Fazit dieser kulturellen Betrachtungsweise muß die Einsicht sein, daß auf der
individuellen Ebene in unserer Kultur, der Umgang mit der Droge Alkohol gelernt
werden muss. Auf der politischen Seite müssen gesellschaftliche Phänomen
beobachtet und beeinflusst werden, deren Folgen in einer gestörten
Permissivkultur münden könnten. Für beide Aufgaben stehen heute Einrichtungen
und Institutionen zur Verfügung. Besonders die großen Verbände der
Suchtkrankenhilfe sind hier gefragt. Sie entwerfen Konzepte zur Vorbeugung und
zielen damit auf junge Menschen, die den Umgang mit Alkohol „lernen“ müssen.

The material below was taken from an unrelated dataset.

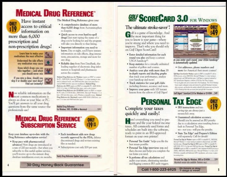 Realizing a broad portfolio of personal finance and tax products at Parsons Technology, Intuit acquired Parsons in 1994. A copy of Parsons’ catalog below shows the variety of products, some of which would soon find new homes. Sadly, for the dedicated users of Personal Tax Edge, Intuit retired it just a couple of years later. (sidebar: As a paid PTE user for multiple years, I felt Intuit acquired PTE for its superior user-interface and actually incorporated its best features into what became TurboTax rather than simply euthanize a competitor).

Gleichzeitig haben diese Verbände, wie beispielsweise das Blaue Kreuz, die
Aufgabe gesellschaftlich problematische Entwicklungen zu beobachten und mit
ihren Erkenntnissen die Politik zu beeinflussen. Eine generelle Verteufelung das
Alkohols ist unter den bestehenden kulturellen Gegebenheiten unrealistisch.